Aber um Macht geht es ja doch immer irgendwie. Heute, da dieser Text in der Zeitung steht, ist der Jahrestag der Oktoberrevolution. Von diesem Zeichen an die Herrschenden, dass Verhältnisse der Unterdrückung auch gewaltsam umgestoßen werden können, wenn soziale Widersprüche sich unerträglich zuspitzen, war bei der Veranstaltung nicht die Rede.

Enteignung des Kapitals als Voraussetzung sozialistischer Verhältnisse? So habe ich es mal in der Schule gelernt. Aber es hat sich gezeigt, dass Staatseigentum diktatorische Strukturen fördert, bemerkte Gregor Gysi. Für ihn geht es weniger um die Frage, wer Eigentümer ist, sondern wie mit Eigentum umgegangen wird, wie man Bedingungen schafft, dass die vielfältigen gesellschaftlichen Interessen Berücksichtigung finden. Einige Bereiche gäbe es – wie Gesundheitswesen, Verkehr, Wohnung, Bildung und Kultur –, die nicht marktwirtschaftlich organisiert werden sollten. Im übrigen gehe es um demokratische Kontrolle. Was auch den Bankensektor betrifft, der als »gigantische Umverteilungsmaschine funktioniert, wenn die Schwächsten der Gesellschaft über Dispokredite brutal ausgebeutet werden.« Wirtschaftsdemokratie, aber wie kommt man dahin, fragte Daniela Dahn, die den Abend auf kluge Weise moderierte. Schwierig, schwierig.

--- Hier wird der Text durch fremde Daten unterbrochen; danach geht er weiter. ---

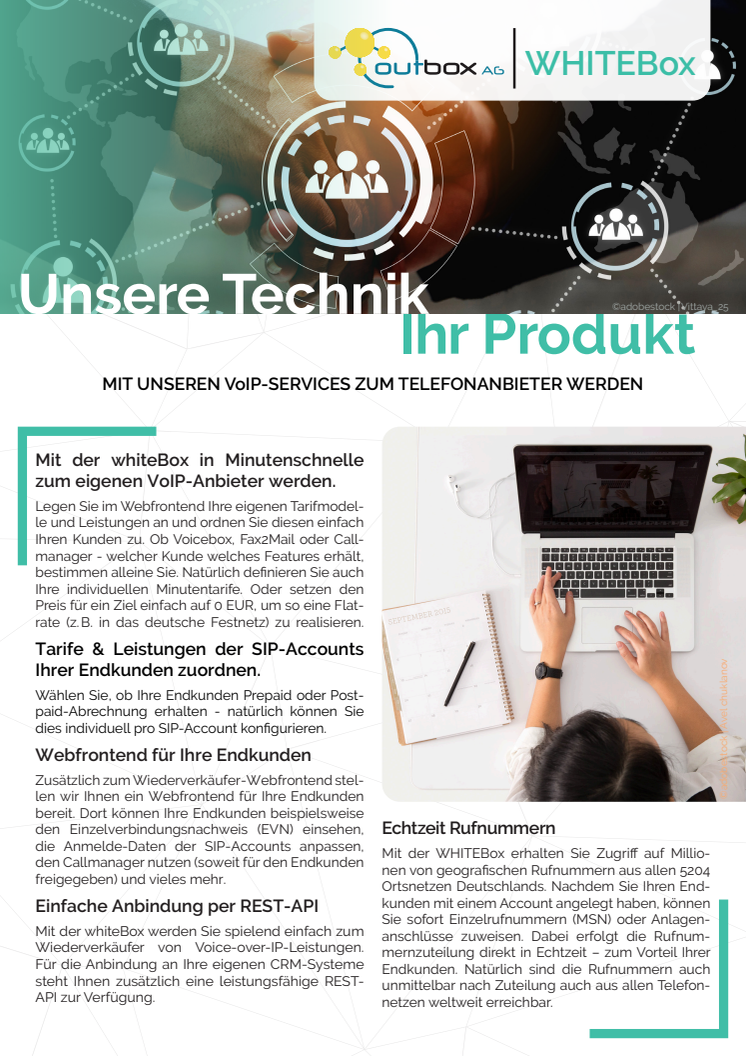 Mit der whiteBox in Minutenschnelle zum eigenen VoIP-Anbieter werden. Legen Sie im Webfrontend Ihre eigenen Tarifmodelle und Leistungen an und ordnen Sie diesen einfach Ihren Kunden zu. Ob Voicebox, Fax2Mail oder Callmanager - welcher Kunde welches Features erhält, bestimmen alleine Sie.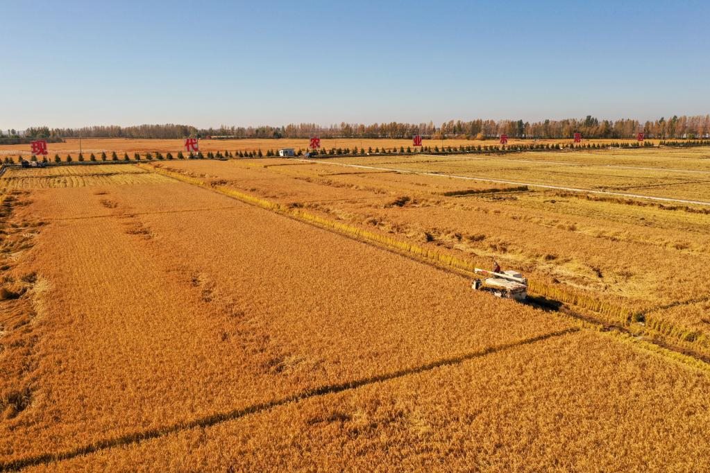 2021年10月12日,在吉林省吉林市永吉縣萬昌鎮(zhèn),農(nóng)民駕駛農(nóng)機(jī)收割水稻(無人機(jī)照片)。新華社記者張楠攝

Rückkehr des Primats der Politik über die Wirtschaft, so Oskar Lafontaine. Er hat ja Recht, dass der Schwache auf Regeln angewiesen ist, die ihn gegenüber dem Starken schützen. Und Gregor Gysi hat auch Recht, dass nach dem Zusammenbruch des Staatssozialismus Kapitalverwertungsinteressen umso rücksichtsloser durchgesetzt werden. Vormarsch des Neoliberalismus – Frage aus dem Publikum: Wieso machen die Leute das mit? Man kann sich ja tatsächlich an den Kopf greifen, wieso eine Partei so viele Stimmen bekam, die noch mehr soziale Kürzungen in Aussicht stellt. Wie man unsereinem ein X für ein U vormachen will, und viele merken es gar nicht. Glauben einem Begriff wie »Bündnis für Arbeit«, wo es doch in Wirklichkeit darum geht, Löhne zu drücken. »Eine gewaltige Irreführung der Gesellschaft«, so Oskar Lafontaine. Schon »Arbeitsmarkt« sei für ihn ein grässliches Wort. Früher sprach man noch von Verantwortung, heute nennt man Eigenverantwortung, wenn man die Schwachen alleine lässt. Oder: »Senkung der Lohnnebenkosten, das heißt doch in Wirklichkeit, dass es weniger Geld für Arbeitslose, Kranke oder Pflegebedürftige geben soll. Täglich werden wir über die Sprache vergewaltigt. Sprache hat mehr Einfluss auf die Politik als Merkel und Schröder.«

Medien-Macht. Aber immerhin, dachte ich mir beim Zuhören, gibt es diese Zeitung, die nicht privatkapitalistisch kontrolliert ist. Mühe geben wir uns, mit unserem dünnen Blatt in der Konkurrenz gegen die ziegelsteinschweren Überregionalen zu bestehen, behaupten guten Willen und geistige Freiheit ... Doch inwieweit man uns in der Öffentlichkeit ernst nimmt, hängt von unserer Verbreitung ab. Für eine höhere Auflage müsste man investieren, doch investieren könnte man erst, wenn man eine große Auflage hat.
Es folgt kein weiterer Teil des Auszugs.